Despite these advantages, the remaining technical difficulty in robot-assisted mastectomy and reconstruction is to secure sufficient working space for robotic surgery. To overcome this difficulty, we used a modified Chung retractor. Selber et al. [12] described the use of carbon dioxide insufflation of the skin flap with 10 mmHg of pressure, whereas Chung et al. [13] reported a robotic latissimus dorsi muscle harvest technique with a lighted retractor. Retraction provided more space for the robot arms than carbon dioxide insufflation; however, skin flap retraction may apply too much tension on the overlying mastectomy skin flap, which can result in skin flap ischemia and necrosis. Nonetheless, subcutaneous emphysema and hypercarbia can occur with carbon dioxide insufflation [14]. Further practical experience is needed to clarify which approach is more suitable for robotic mastectomy and reconstruction. In addition to securing the operative field with proper retraction, careful dissection and elevation of the medial side of the pectoralis muscle from the chest wall is required to prevent bleeding in perforators from the internal mammary artery. Once a perforator starts bleeding, the bleeding is harder to control than when the direct approach is used. Furthermore, due to chest wall curvature, the dissection of the sternal origin of the pectoralis major muscle is likely to be insufficient, which can cause lateral displacement of the implant.
The primary problem of robotic mastectomy and reconstruction is the high cost. The usual cost of a robotic system is more than US $2,000,000, and that of the disposable instruments used in a single case is more than US $2,000. Due to the high costs, further analysis of cost-effectiveness is needed [15].
In this article, we described our experiences and results. Further analyses of others’ results are necessary to obtain reliable clinical evidence.

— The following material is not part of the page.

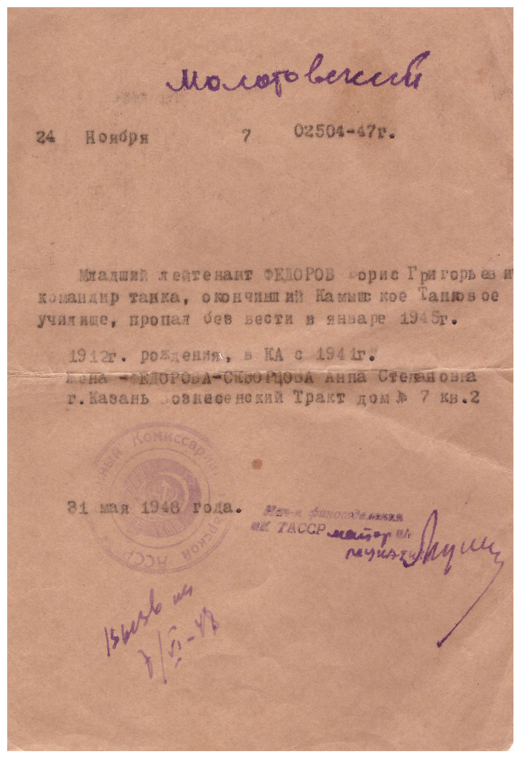 Мой отец, Федоров Борис Григорьевич, 1912 года рождения, младший лейтенант, командир танка, пропал без вести 17 января 1945 года. В Красной Армии служил с 1941 г.

No potential conflict of interest relevant to this article was reported.


Ethical approval

The study was approved by the Institutional Review Board of Severance Hospital (IRB No. 4-2018-0482) and performed in accordance with the principles of the Declaration of Helsinki. Institutional Review Board of our hospital waived informed consent and approved the design of this retrospective study.


Patient consent

The patients provided written informed consent for the publication and the use of their images.

Fig. 1.

Fresh cadaveric demonstration

Fig. 2.

Axillary incision

A 6-cm incision was made on the axilla. Nipple-sparing mastectomy and prosthetic reconstruction were performed by oncologic surgeons and plastic surgeons, respectively.
Fig. 3.

Robotic reconstruction

(A) Subpectoral plane dissection. (B) Acellular dermal matrix sling fixation.
Fig. 4.

Preoperative and postoperative frontal views

(A) Preoperative. (B) At 1 month postoperatively.
Fig. 5.

BREAST-Q scores

Comparison of BREAST-Q scores between the case and control groups.